Original content from this work may be used under the terms of the Creative Commons Attribution 4.0 license. Any further distribution of this work must maintain attribution to the author(s) and the title of the work, journal citation and DOI.


Weather extremes such as floods, droughts, heatwaves and cyclones can have major societal impacts including mortality and morbidity (Gasparrini et al 2015, Raymond et al 2020), and economic damages (Felbermayr and Gröschl 2014, Klomp and Valckx 2014, Kousky 2014). Weather extremes can also increase inequality (Dell et al 2012, Hallegatte and Rozenberg 2017). In risk analyses, the full range of impacts that may arise from climate and weather extremes must be evaluated (Sutton 2019). For example, the credible maximum extreme event is important for risk estimates of potentially disruptive impacts (Wilby et al 2011), such as mortality, morbidity, and damage from floods in large river systems and from dam failures (e.g. Vano et al 2019), or for climate-related shocks to food security (Kent et al 2017). However, brevity and sparsity of historical records are well known constraints that confound likelihood estimation of extreme events (Alexander 2016, Wilby et al 2017). Climate model projections reduce this limitation but may not capture the full range of extreme events that can arise from climate variability when just a few ensemble members are used (Van der Wiel et al 2019b, Mankin et al 2020). However, large ensemble simulations from seasonal to multi-decadal prediction systems offer a solution to the estimation of rare events due to their multiple realizations (Allen 2003, van den Brink et al 2005, Thompson et al 2017, Van der Wiel et al 2019b, Mankin et al 2020, Brunner and Slater 2022).

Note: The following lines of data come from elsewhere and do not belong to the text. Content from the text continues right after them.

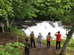 斜里川のさくらの滝をめざす |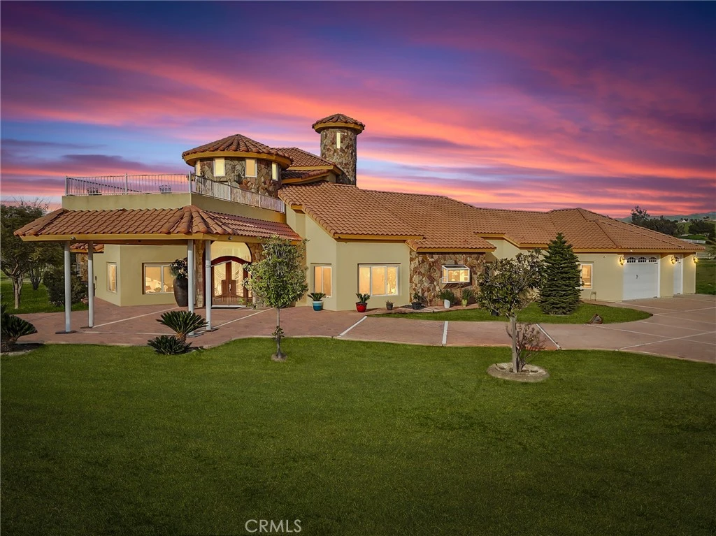 Welcome to this extraordinary 5,500+ sq. ft. estate featuring a four-bedroom, 4.5-bath split-wing floor plan on over six acres. This impressive property includes an office, reading room, and an inviting bar/game room perfect for work and entertaining. Enter through elegant double doors into soaring ceilings and a bright, open living space. The expansive primary suite offers dual walk-in closets, a Jacuzzi soaking tub, and a spa-style shower with multiple jets. All secondary bedrooms are ensuite for added comfort and privacy. The chef's kitchen features upgraded appliances, double ovens, and a large center island. Additional highlights include surround sound, extra water storage, and thoughtful upgrades throughout. Enjoy stunning mountain views and sunsets from the upstairs patio. Outdoors, pipe fencing makes this property ideal for horses or animals, complemented by fruit trees and a large fire pit for memorable gatherings. Luxury, space, and country living!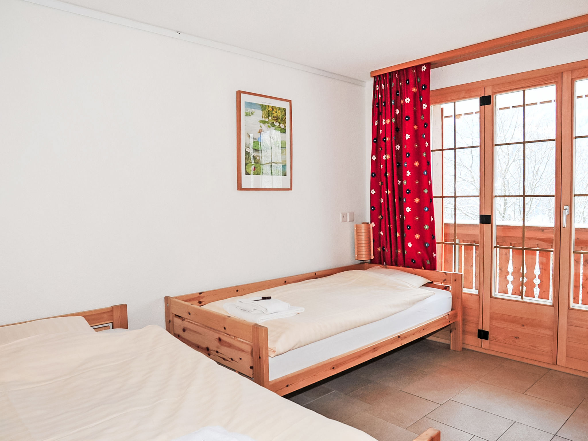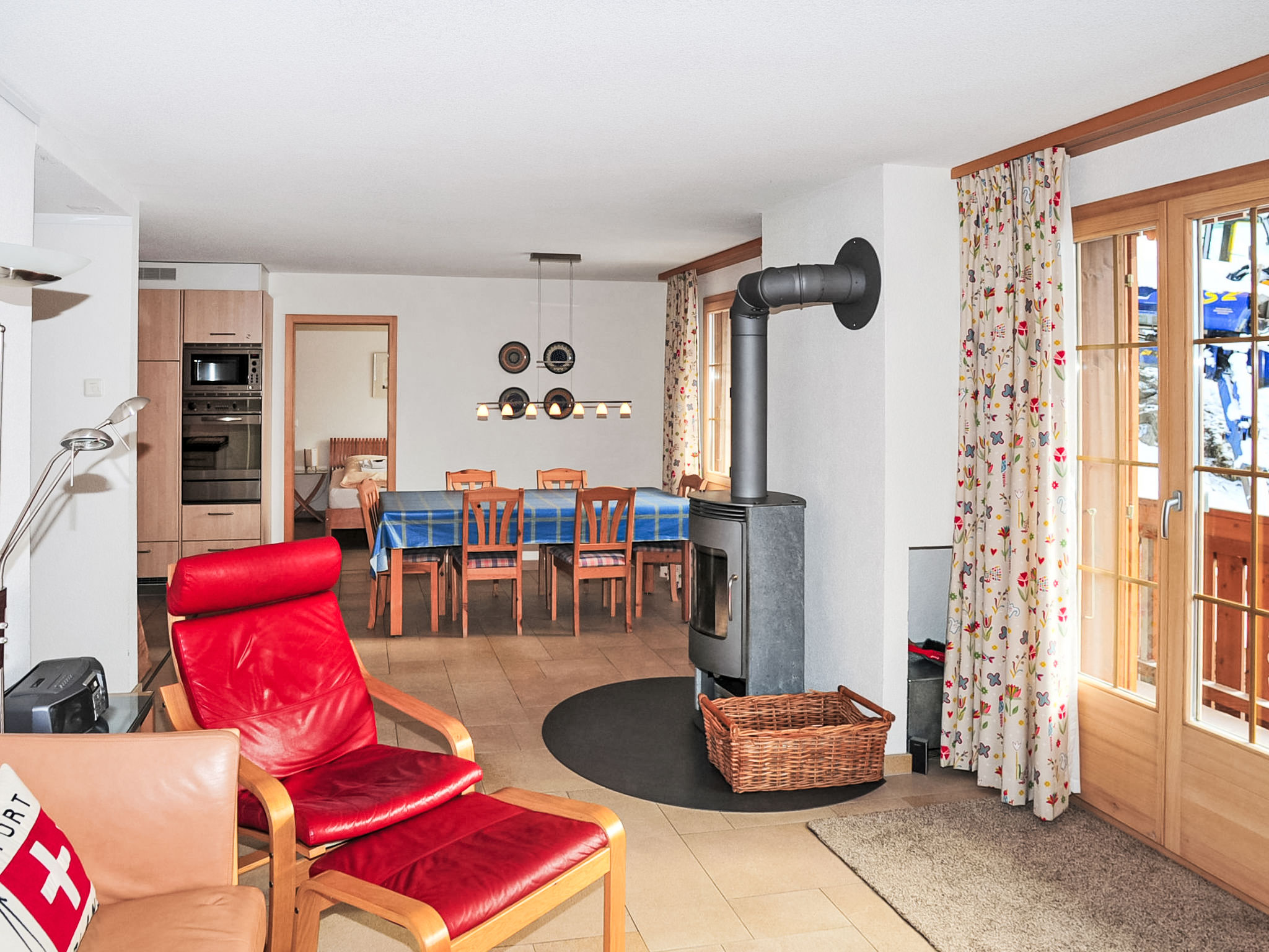 "Apt. P", 4-Zimmer-Wohnung 100 m2 im 1. Stock. Hell, modern und geschmackvoll eingerichtet: Wohn-/Esszimmer mit Schwedenofen, Esstisch, Sat-TV, Radio, CD und DVD. Ausgang zum Balkon. 2 Zimmer, jedes Zimmer mit 1 Doppelbett (2 x 90 cm, Länge 200 cm). 1 Zimmer mit 2 Betten (90 cm, Länge 200 cm). Offene Küche (Backofen, Geschirrspüler, 4 Induktionskochplatten, Toaster, Wasserkocher, Mikrowelle, elektrische Kaffeemaschine, Kapseln für die Kaffeemaschine (Nespresso) extra, Fondue Set (Käse)). Dusche/WC, Bad/Dusche/WC. Grosser Balkon. Balkonmöbel. Sehr schöne Sicht auf die Berge und das Tal. Zur Verfügung: Bügeleisen, Haartrockner, Holz (extra). Internet (Wireless LAN, gratis). Bitte beachten: Nichtraucher-Unterkunft.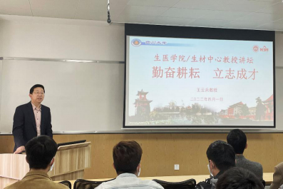 近日,四川大学best365英国在线体育/国家生物医学材料工程技术研究中心“教授讲坛”活动在生物材料楼606报告厅成功举办。学院院长/国家中心主任王云兵教授为前来听讲的近百名学生授课,由自身经历出发,以“勤奋耕耘、立志成才”为主题,与同学们就学习生活、科研工作、专业发展与使命担当等方面展开了亲切而深刻的讨论。
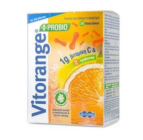 Το Vitorange PROBIO είναι ένα συμπλήρωμα  διατροφής, το οποίο δια θέτει έναν μοναδικό συνδυασμό προβιοτικών  Lactobacillus Rhamnosus, Bifidobacterium Longum  και 1 g Βιταμίνης C  επιτυγχάνοντας έτσι την άμεση ενίσχυση του οργανισμού, φροντίζοντας παράλληλα το εντερικό μικροβίωμα υποστηρίζοντας φυσικά το ανοσοποιητικό και πεπτικό σύστημα.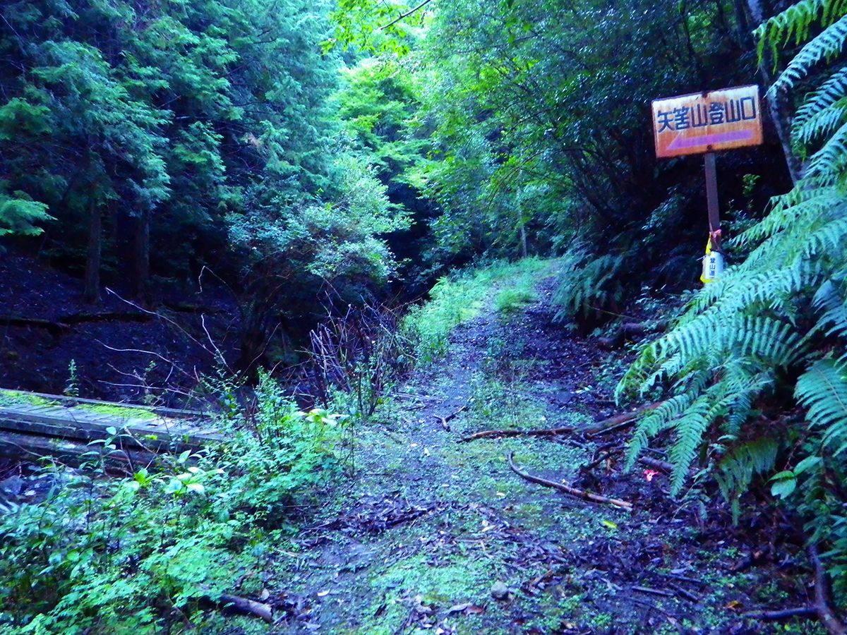 矢筈岳登山口まで下ってきた。ここから長い林道歩きがはじまる
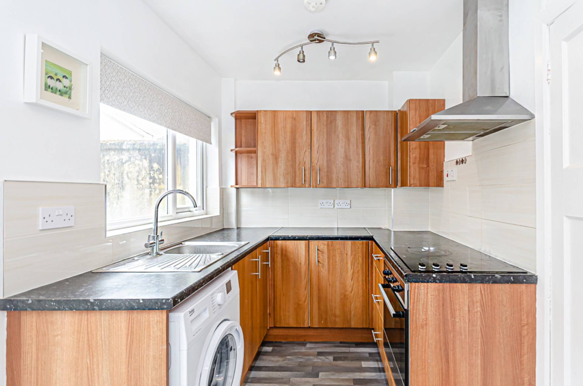 Range of high and low level fitted units, stainless steel integrated oven, ceramic hob, stainless steel extractor canopy, part tiled walls, spotlights, plumbing for washing machine and space for dining area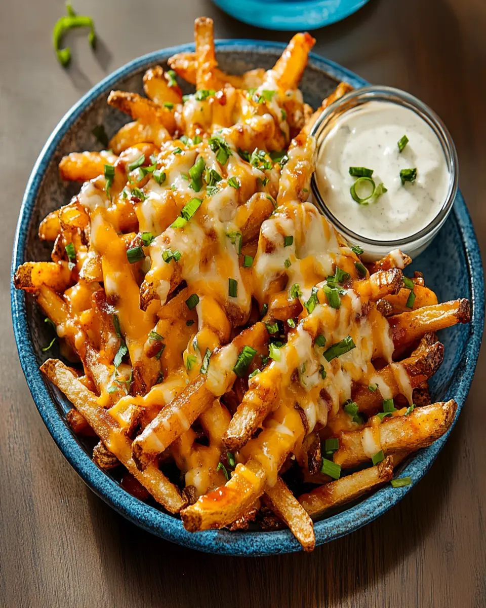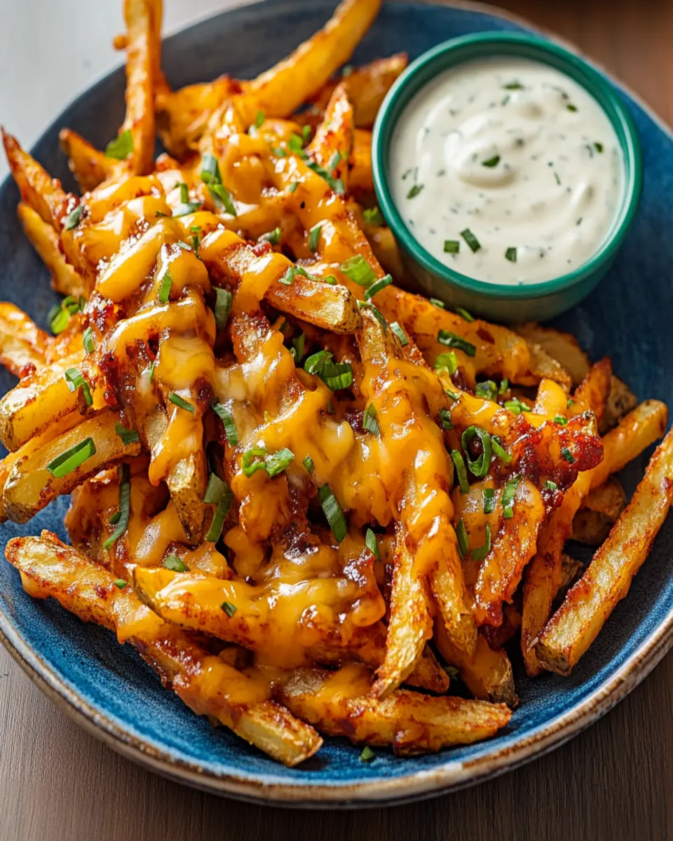 Deliciously cheesy BBQ fries served with a creamy ranch dip, perfect for a snack or appetizer!

Traditionally, large ensembles have been generated by stochastic weather generators trained on the historical record (e.g. Wilks and Wilby 1999, Brunner and Gilleland 2020). However, advances in super-computing and the physical realism of climate models have facilitated the exploitation of large ensemble simulations for the emulation of events with physically plausible drivers that have not yet been observed (Coumou and Rahmstorf 2012, Stevenson et al 2015, Stott et al 2016, Kent et al 2019, Thompson et al 2019, Deser et al 2020, Kay et al 2020, Swain et al 2020, Brunner and Slater 2022). Following Thompson et al (2017), we define the use of large ensemble simulations to estimate ‘unseen’ events more severe than those seen in the historical record as the Unprecedented Simulated Extremes using Ensembles (UNSEEN) approach.

One drawback of using model simulations is that biases are likely to exist, which may occasionally produce unrealistic extreme events. Many techniques have been developed to uncover potential systematic climate model biases (Eyring et al 20162019), compare simulated extreme indices with observations (Weigel et al 2021), and to evaluate the consistency between simulated and observed distributions of extreme events (Thompson et al 20172019, Kelder et al 2020, Suarez-Gutierrez et al 2021). However, none of these procedures can determine whether the models are correct for the right physical reasons.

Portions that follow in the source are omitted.